Data entries
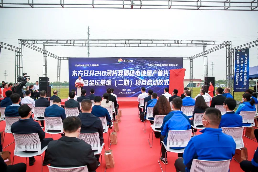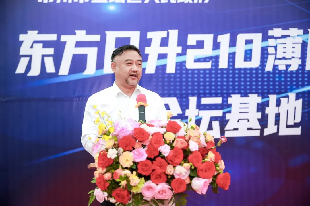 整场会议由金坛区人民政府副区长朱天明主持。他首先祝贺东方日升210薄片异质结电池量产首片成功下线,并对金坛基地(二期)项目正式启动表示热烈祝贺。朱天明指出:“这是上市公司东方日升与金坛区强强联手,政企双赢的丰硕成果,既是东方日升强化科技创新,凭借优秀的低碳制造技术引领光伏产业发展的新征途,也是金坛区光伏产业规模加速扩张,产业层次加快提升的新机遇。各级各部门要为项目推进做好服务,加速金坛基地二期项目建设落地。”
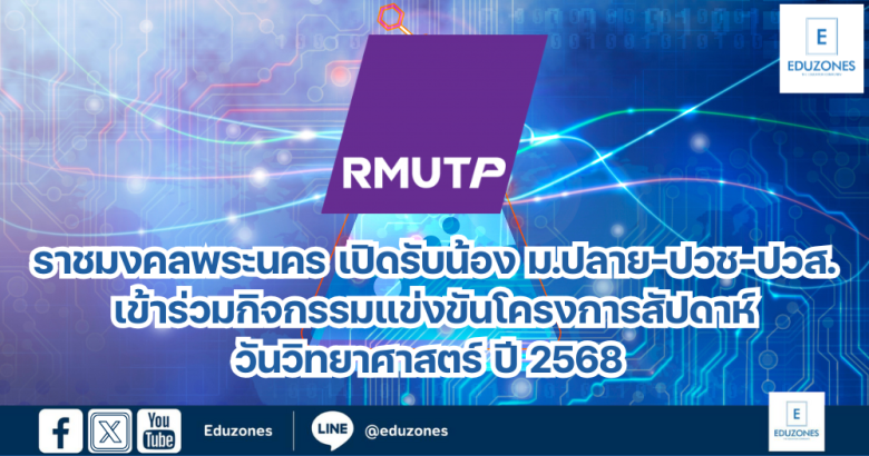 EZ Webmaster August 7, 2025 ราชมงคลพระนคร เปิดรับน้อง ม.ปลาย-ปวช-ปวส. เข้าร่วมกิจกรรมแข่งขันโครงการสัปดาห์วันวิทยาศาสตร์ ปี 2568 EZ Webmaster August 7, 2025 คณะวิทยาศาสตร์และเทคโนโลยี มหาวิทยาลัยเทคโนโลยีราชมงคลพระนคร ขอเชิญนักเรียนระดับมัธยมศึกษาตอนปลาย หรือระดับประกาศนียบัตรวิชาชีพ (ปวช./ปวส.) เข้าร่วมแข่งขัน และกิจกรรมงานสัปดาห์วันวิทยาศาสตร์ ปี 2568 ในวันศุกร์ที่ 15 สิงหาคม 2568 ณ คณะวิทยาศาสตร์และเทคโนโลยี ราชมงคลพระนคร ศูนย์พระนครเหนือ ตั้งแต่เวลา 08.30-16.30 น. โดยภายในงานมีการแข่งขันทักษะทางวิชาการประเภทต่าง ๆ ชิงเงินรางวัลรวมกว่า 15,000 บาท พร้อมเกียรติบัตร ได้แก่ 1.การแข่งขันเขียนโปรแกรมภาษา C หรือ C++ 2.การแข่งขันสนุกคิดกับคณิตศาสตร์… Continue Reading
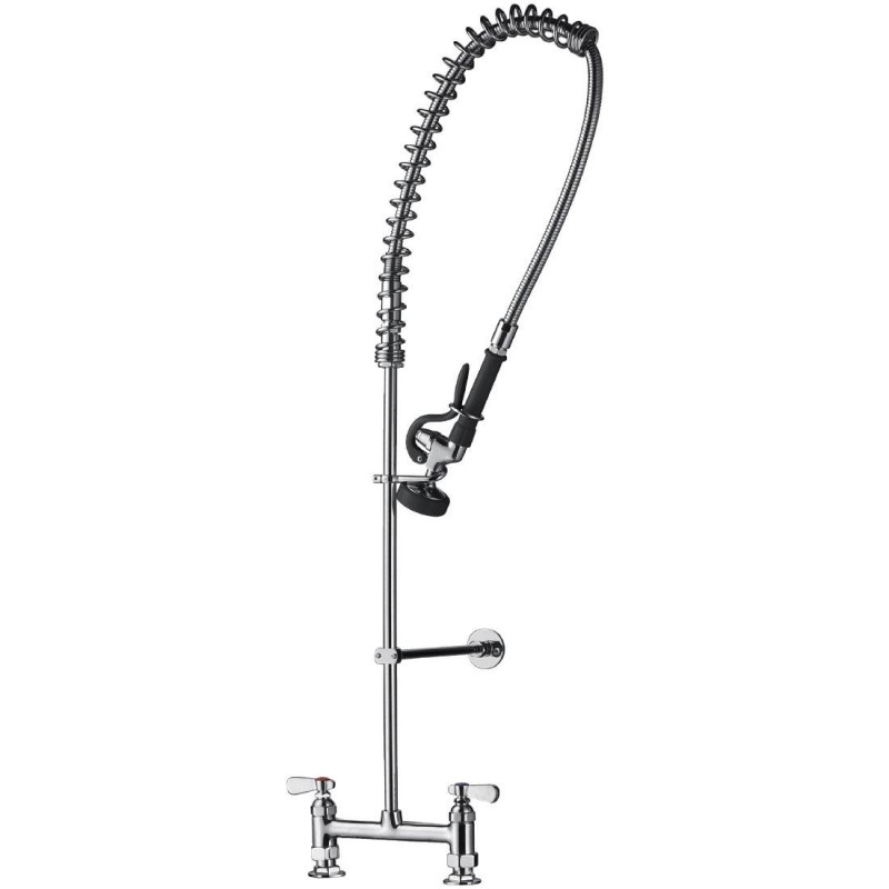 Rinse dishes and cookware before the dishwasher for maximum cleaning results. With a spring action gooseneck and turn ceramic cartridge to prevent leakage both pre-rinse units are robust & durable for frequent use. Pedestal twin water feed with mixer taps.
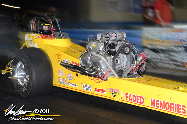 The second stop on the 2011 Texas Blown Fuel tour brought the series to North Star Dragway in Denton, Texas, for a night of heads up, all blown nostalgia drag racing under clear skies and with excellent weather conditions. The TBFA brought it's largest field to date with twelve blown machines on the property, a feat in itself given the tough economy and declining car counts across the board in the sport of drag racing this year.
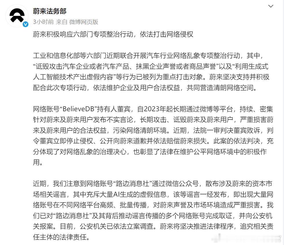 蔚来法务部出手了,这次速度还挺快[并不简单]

Task objective
Reproduce every entry word for word, but omit the pictures.

Response below
 整场会议由金坛区人民政府副区长朱天明主持。他首先祝贺东方日升210薄片异质结电池量产首片成功下线,并对金坛基地(二期)项目正式启动表示热烈祝贺。朱天明指出:“这是上市公司东方日升与金坛区强强联手,政企双赢的丰硕成果,既是东方日升强化科技创新,凭借优秀的低碳制造技术引领光伏产业发展的新征途,也是金坛区光伏产业规模加速扩张,产业层次加快提升的新机遇。各级各部门要为项目推进做好服务,加速金坛基地二期项目建设落地。”
 EZ Webmaster August 7, 2025 ราชมงคลพระนคร เปิดรับน้อง ม.ปลาย-ปวช-ปวส. เข้าร่วมกิจกรรมแข่งขันโครงการสัปดาห์วันวิทยาศาสตร์ ปี 2568 EZ Webmaster August 7, 2025 คณะวิทยาศาสตร์และเทคโนโลยี มหาวิทยาลัยเทคโนโลยีราชมงคลพระนคร ขอเชิญนักเรียนระดับมัธยมศึกษาตอนปลาย หรือระดับประกาศนียบัตรวิชาชีพ (ปวช./ปวส.) เข้าร่วมแข่งขัน และกิจกรรมงานสัปดาห์วันวิทยาศาสตร์ ปี 2568 ในวันศุกร์ที่ 15 สิงหาคม 2568 ณ คณะวิทยาศาสตร์และเทคโนโลยี ราชมงคลพระนคร ศูนย์พระนครเหนือ ตั้งแต่เวลา 08.30-16.30 น. โดยภายในงานมีการแข่งขันทักษะทางวิชาการประเภทต่าง ๆ ชิงเงินรางวัลรวมกว่า 15,000 บาท พร้อมเกียรติบัตร ได้แก่ 1.การแข่งขันเขียนโปรแกรมภาษา C หรือ C++ 2.การแข่งขันสนุกคิดกับคณิตศาสตร์… Continue Reading
 Rinse dishes and cookware before the dishwasher for maximum cleaning results. With a spring action gooseneck and turn ceramic cartridge to prevent leakage both pre-rinse units are robust & durable for frequent use. Pedestal twin water feed with mixer taps.
 The second stop on the 2011 Texas Blown Fuel tour brought the series to North Star Dragway in Denton, Texas, for a night of heads up, all blown nostalgia drag racing under clear skies and with excellent weather conditions. The TBFA brought it's largest field to date with twelve blown machines on the property, a feat in itself given the tough economy and declining car counts across the board in the sport of drag racing this year.
 蔚来法务部出手了,这次速度还挺快[并不简单]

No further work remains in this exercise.